If I can’t say it with kindness, better not to say it at all.
Yesterday I managed to do something that’s very hard for me. Something that I have been practicing for years, and occasionally manage to get right.
I said nothing.
Anyone who I have coached, or who has heard me speak in public, or even who just knows me on a casual basis, will tell you that I’m either very quiet, or I’m speaking a mile a minute. I love to discuss ideas, concepts, philosophies and paradigms. I asked a lot of questions as a child, and that has not changed.
Yesterday I was in a group setting, when the subject of addictions came up. That’s always a topic that I have strong opinions on, and usually I’m ready to voice those opinions forcefully.
As someone who grew up in an alcoholic home, and whose own addiction with food nearly killed me, I have spent years trying to understand the nature of behavior and addiction. I have come to have more compassion for those addicted, and to see the addiction as a symptom of pain, not as a weakness of character.
The group yesterday contained a range of opinions; some that seemed very judgmental and accusatory to those who struggle with addiction. Their judgment, and seeming lack of compassion and kindness, struck a nerve in me, and I felt a strong desire to engage with the people expressing those opinions.
But I didn’t.
Because truthfully, at that point, I was doing exactly the same thing that they were doing. I was judging, and feeling less than compassionate toward them.
In the heat of the moment I felt that my opinion, based on 30 years of studying self awareness and a Doctoral degree in a healthcare discipline, was superior to theirs. I’m saddened to admit that, but honestly, that’s how it felt.

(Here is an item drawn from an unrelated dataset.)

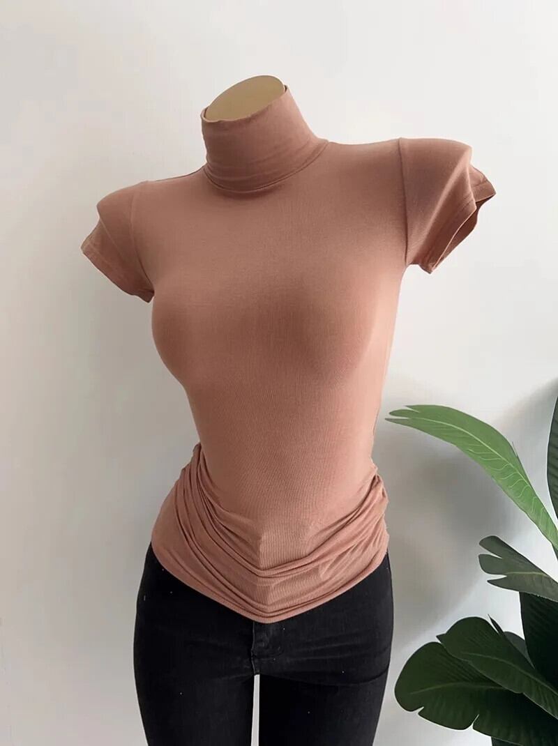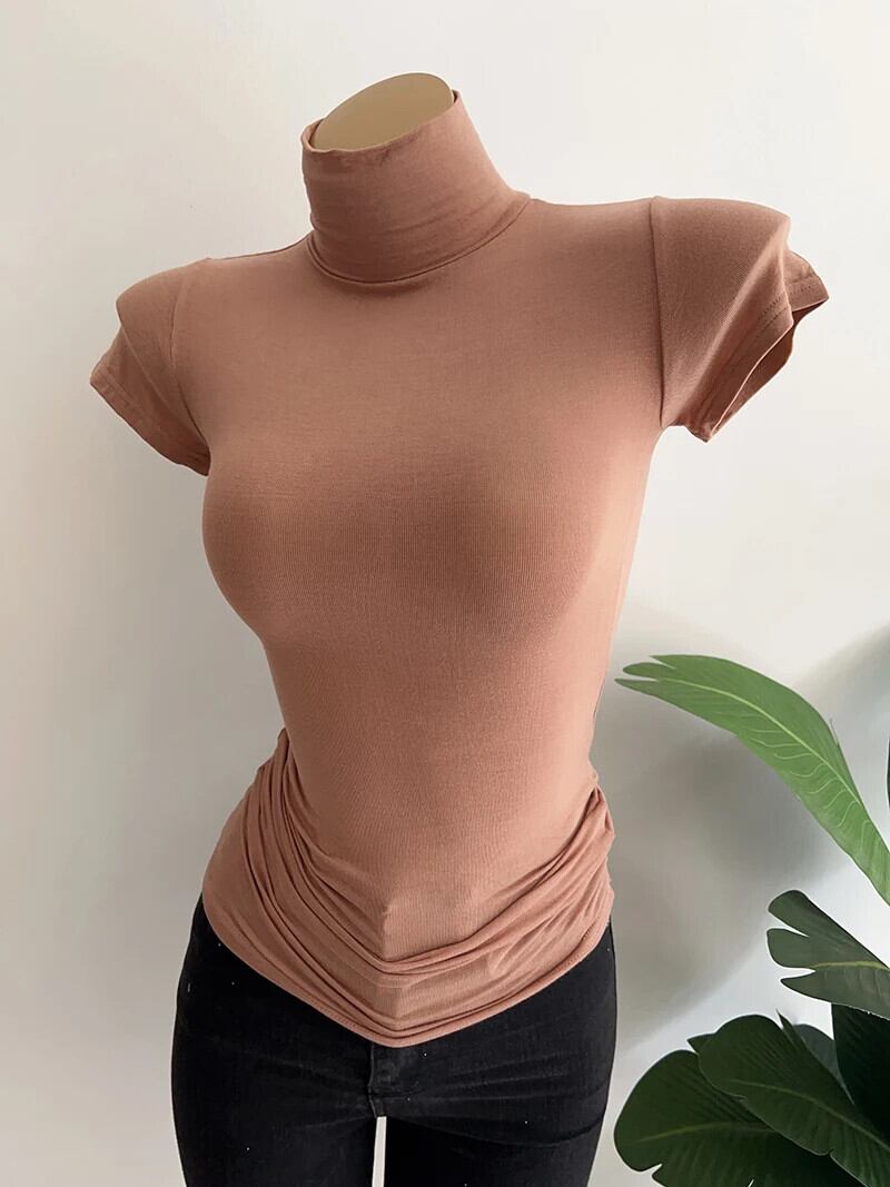 純粋セクシーホットガールタートルネック半袖 Tシャツ春マイクロ透明タイトフィットトップ スプリング 春物

My desire to ‘enlighten them’ was not coming from a place of kindness, or a desire to find the ‘balance of forces’ that I have previously written about. I just wanted to show them why they were wrong. My ego wanted to be right.
Judgment, it seems, is one of my personal addictions.
So I chose the path of silence, and others in the group were able to voice some of the opinions that I wished to share. They did it in a way that was more balanced, and probably more kind, than I would have done, and for that I am grateful.
Painful experience has taught me that when I feel like I am ‘right’, I have a tendency to neglect kindness, and that, for me, is a far greater failing.